AI Scrapers Bypass Publisher Protections at Massive Scale

AI companies are increasingly using third-party web scrapers to access publisher content rather than paying for it directly, according to a new report from TollBit, a startup that helps publishers monetize AI traffic.

Key Takeaways

TollBit’s “Pipes are Leaky” names ~40 scrapers reselling publisher content.
Even publishers with AI deals see chatbot click-throughs collapse.
Robots.txt and basic blocks are routinely ignored at scale.
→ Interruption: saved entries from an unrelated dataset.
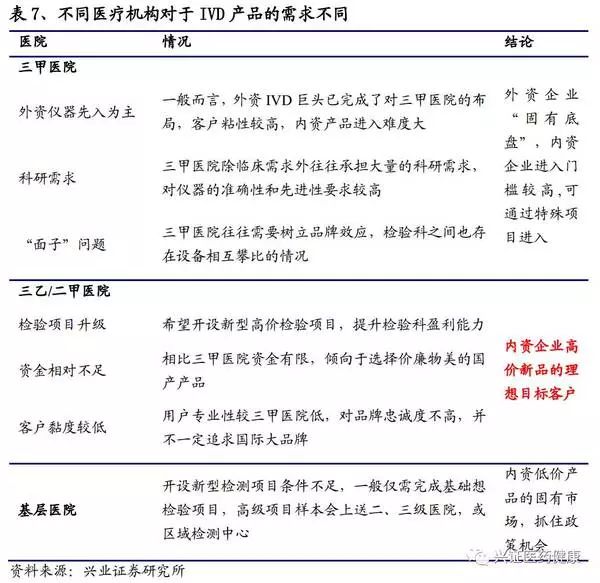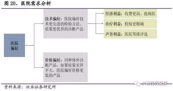 在進口替代的進程中,應(yīng)先分析終端的需求情況,以找準定位,獲得收益。醫(yī)院在選用儀器的時候,主要有技術(shù)偏好和價格偏好,不同級別的醫(yī)院考慮的優(yōu)先度會有所不同,所以對其分類討論以找準市場至關(guān)重要。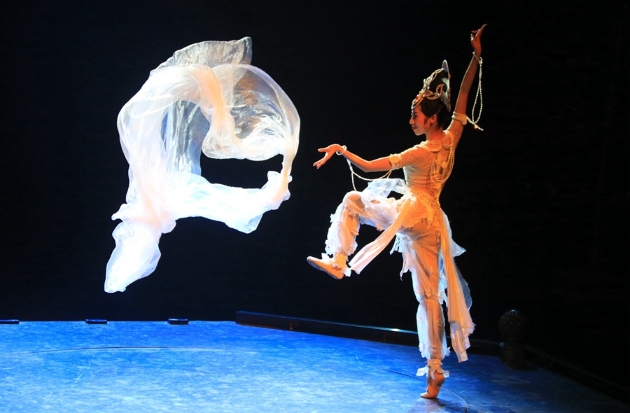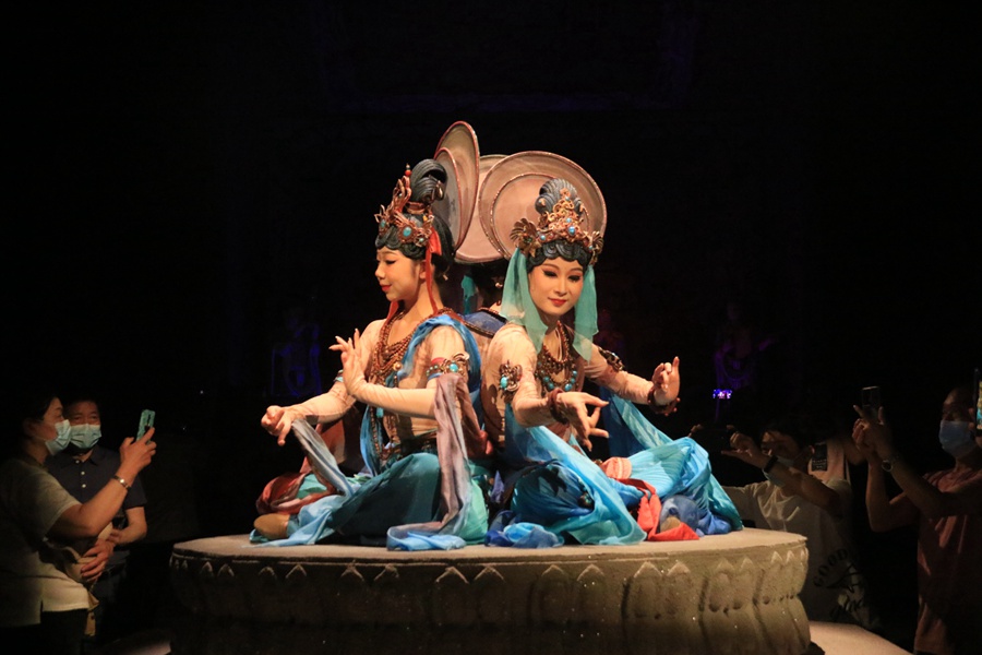 大型洞窟式沉浸體驗(yàn)劇《樂動敦煌》演出現(xiàn)場。張曉亮攝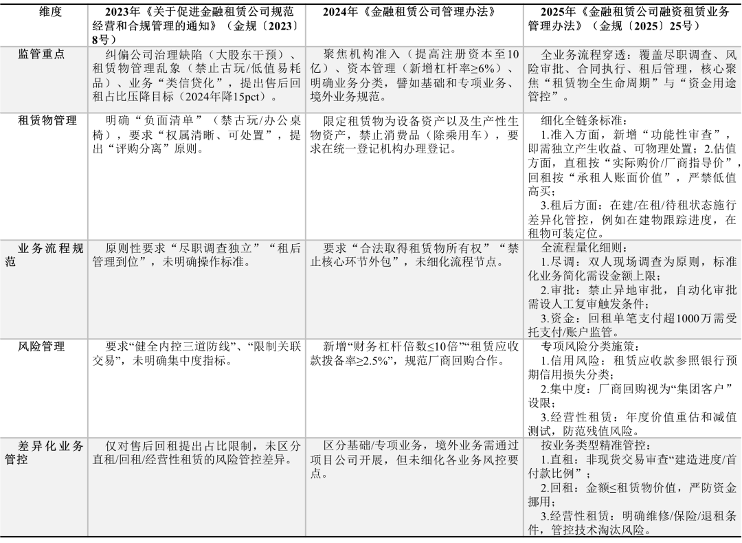 《金融租赁公司融资租赁营业办理法子》并非孤立政策,而是对近年监管思的深化取落地。通过取《推进金融租赁公司规范运营和合规办理的通知》和《金融租赁公司办理法子》(2024)的焦点条目对比,下图可清晰看到行业监管的迭代径。《25号文》的焦点冲破正在于“从框架到细则”“从定性到定量”——此前政策多为“什么”,而《25号文》明白“怎样做”,特别正在租赁物估值、资金领取、租后监测等环节环节给出可落地的操做尺度,大幅压缩监管套利空间。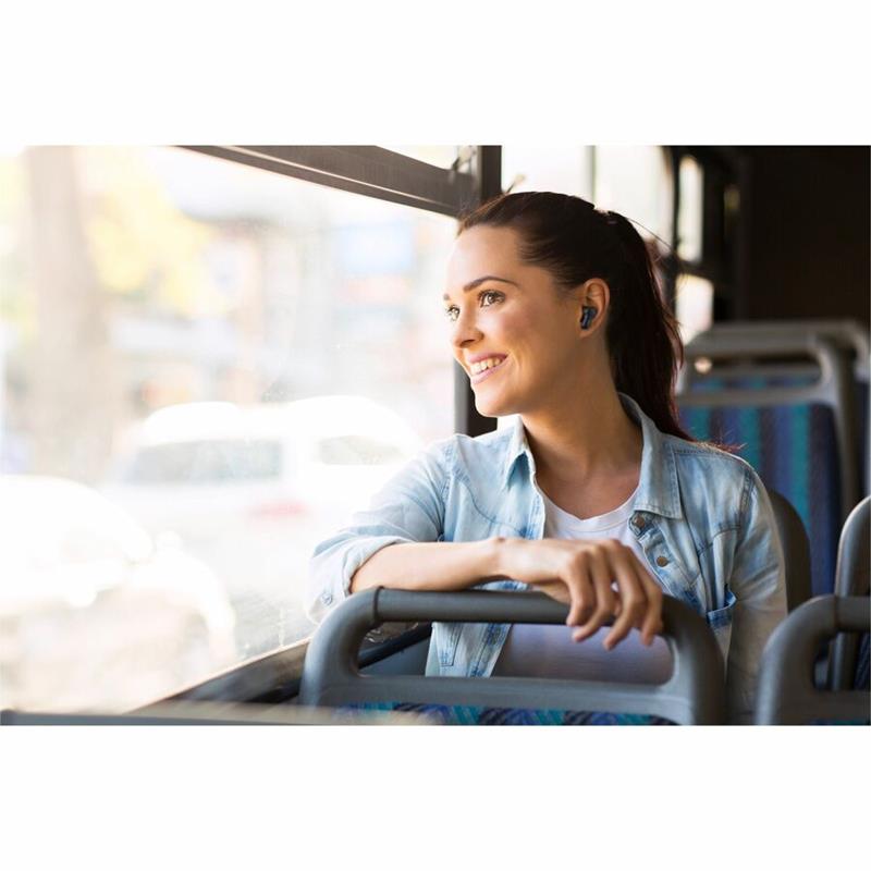 Perfect for when you want to listen without blocking surrounding sound. You can use the left or right earpiece only, and control volume with either one. Included earpieces come in four sizes: L, M, S, and XS. 24-hour battery life. Waterproof and sweat-proof. Soft elastomer material.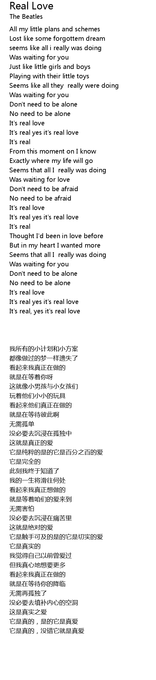 Real Love Lyrics
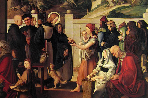 Roch, d’une noble famille de Montpellier, naquit au début du XIVe siècle. Orphelin à vingt ans, il distribua aux pauvres la plus grande partie de sa fortune, prit un habit de mendiant et entreprit le pèlerinage de Rome. L’Italie était alors désolée par la peste ; saint Roch s’arrêta en divers hôpitaux pour soigner les victimes et en guérir plusieurs par le simple signe de la croix. A Plaisance, il fut atteint lui-même de la contagion et se retira dans une forêt écartée où un chien lui apportait chaque jour un pain. Dieu le guérit, saint Roch put rentrer à Montpellier, mais tellement méconnaissable que son oncle le fit jeter dans un cachot comme espion. Il y mourut au bout de cinq ans, vers 1337. Il fut identifié par sa grand- mère en raison d’une tache de vin en forme de croix qu’il portait sur sa poitrine depuis sa naissance. On l’honora aussitôt comme un saint et on l’invoqua contre la peste et les maladies contagieuses. Il est fêté le 16 août.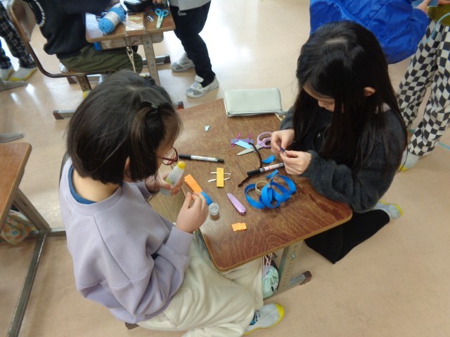 図画工作科では、自分のすきまちゃんをつくって、いろいろなすきまに置きました。すきなちゃんが好きそうなすきまをたくさん見付けることができました。友達同士で探し合いっこをして楽しみました。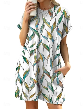 Női Mini ruha Pólóruha Váltó ruha Szabadság Alkalmi Szabadtéri Alkalmi Laza öltözet Virágos Falevél Rövid ujjú Kerek nyakkivágás Haditengerészet Fehér Rubin Lóhere Nyár Tavasz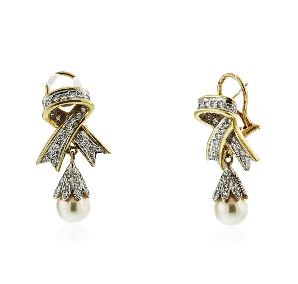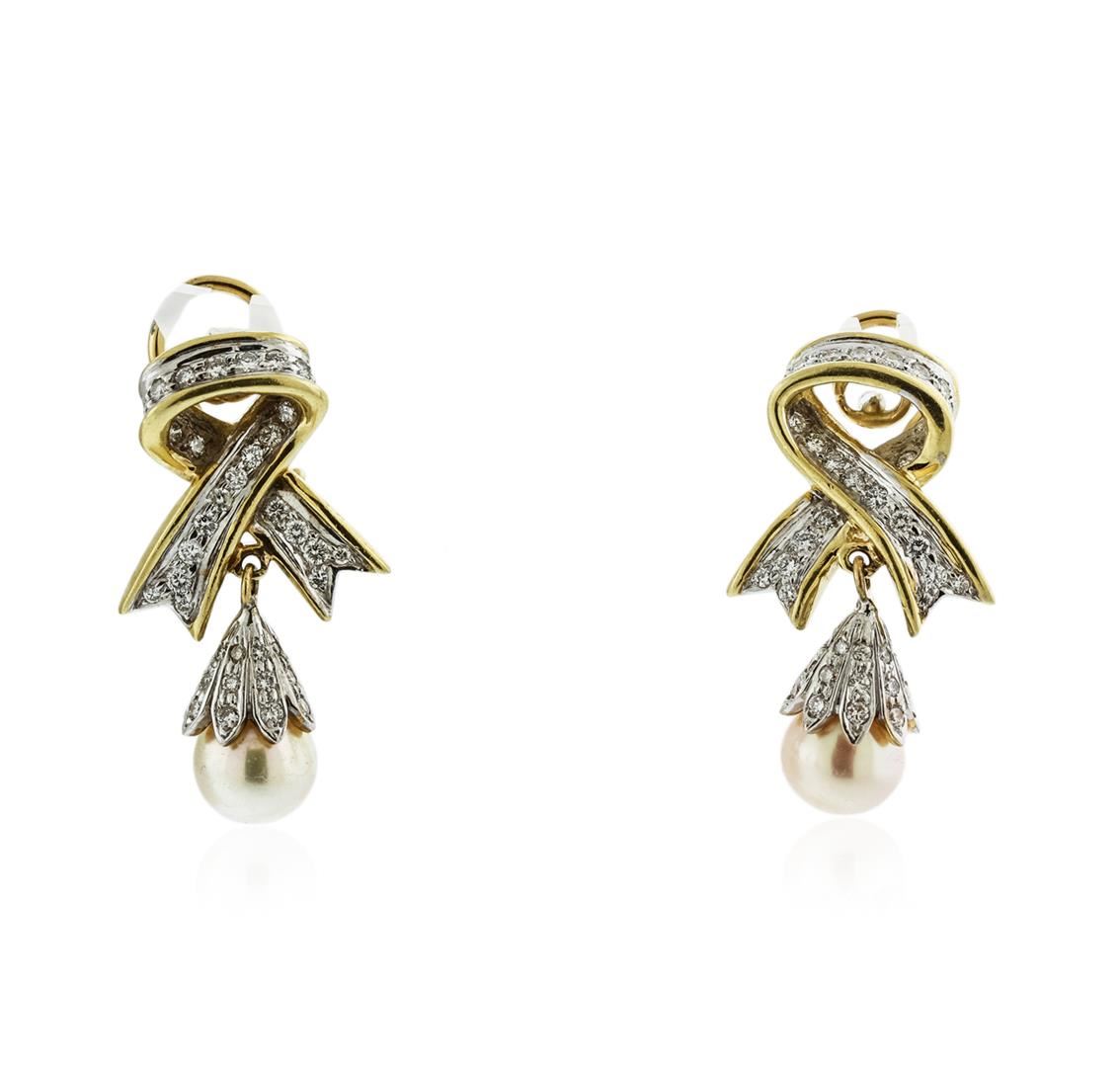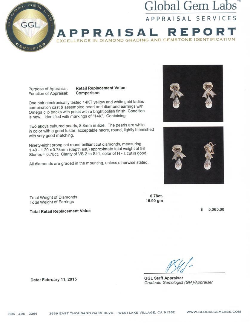 One pair electronically tested 14KT yellow and white gold ladies combination cast & assembled pearl and diamond earrings with Omega clip backs with posts with a bright polish finish. Identified with markings of "14K". Condition is new. Containing: Two akoya cultured pearls, 8.8mm in size. The pearls are white in color with a good luster, acceptable nacre, round, lightly blemished. Ninety-Eight prong set round brilliant cut diamonds, measuring 1.40 - 1.20 x 0.78mm (depth est.) approximate total weight of 98 Stones = 0.78ct. Clarity: VS-2 to SI-1. Color: H - I, Cut is Good. All diamonds are graded in the mounting, unless otherwise stated. Total Weight of Diamonds 0.78ct. Total Weight of Earrings 16.90 grams. GGL Appraised at $5,065.00.
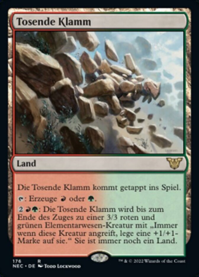 | Rules | Raging Ravine enters the battlefield tapped. : Add or . : Until end of turn, Raging Ravine becomes a 3/3 red and green Elemental creature with "Whenever this creature attacks, put a +1/+1 counter on it." It's still a land. |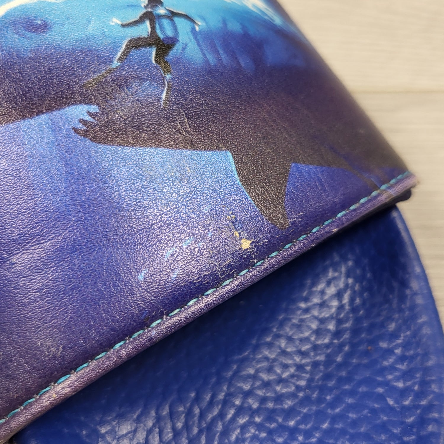Old Navy blue slide sandals with surfer. Youth size 1/2

The State of the Bots report, titled “The Pipes are Leaky,” documents nearly 40 web scraping vendors selling access to the web. Many advertise cybersecurity evasion tools and don’t comply with robots.txt by default. Some can even penetrate paywalls.

“Even paywalled content is not necessarily safe,” the report states. In tests across 30 high-authority sites, TollBit found that some scrapers “were able to scrape various paywalled articles in full.” Paywalled sites offered no additional protection—scrapers retrieved full content from the vast majority of pages regardless of subscription barriers.

The scale of the problem

AI scraping has grown dramatically over 2025. In Q1, there was one AI bot visit for every 200 human visits to publisher sites. By year’s end, that ratio had tightened to 1:31—a 60 percent increase in the bot-to-human ratio.

RAG bots—the kind that power real-time searches on ChatGPT and Perplexity—are the primary culprits. They now make roughly 10 page requests for every single request from a training bot. Unlike training crawlers that grab content once for model development, RAG bots need continuous access to fresh information.

OpenAI’s ChatGPT-User bot leads the pack, scraping at a rate five times higher than the second-most-active scraper (Meta) and 16 times higher than Perplexity’s agent.

What they’re scraping

The report reveals clear patterns in what content AI bots are fetching. In Q4, the most-scraped topics included “Stranger Things Season 5,” “Netflix Warner Bros Deal,” and “Holiday Gift Guides & Black Friday Deals”—a shift from Q3’s trending topics around the “Kimmel/Kirk Controversy” and “The Summer I Turned Pretty.”

Different AI tools serve different user needs. ChatGPT users tend toward general search queries. Perplexity users focus on consumer product research and reviews. Claude users skew toward professional tasks, especially in tech.

The categories most heavily scraped: B2B/professional content (up 62 percent), national news (up 55 percent), and tech and consumer electronics (up 107 percent).

Subscribe to our newsletter

How AI is changing media, journalism, and content creation.

Learn More

Deals aren’t helping

For publishers hoping AI licensing deals would preserve traffic, the news is grim. Click-through rates from AI applications are collapsing across the board.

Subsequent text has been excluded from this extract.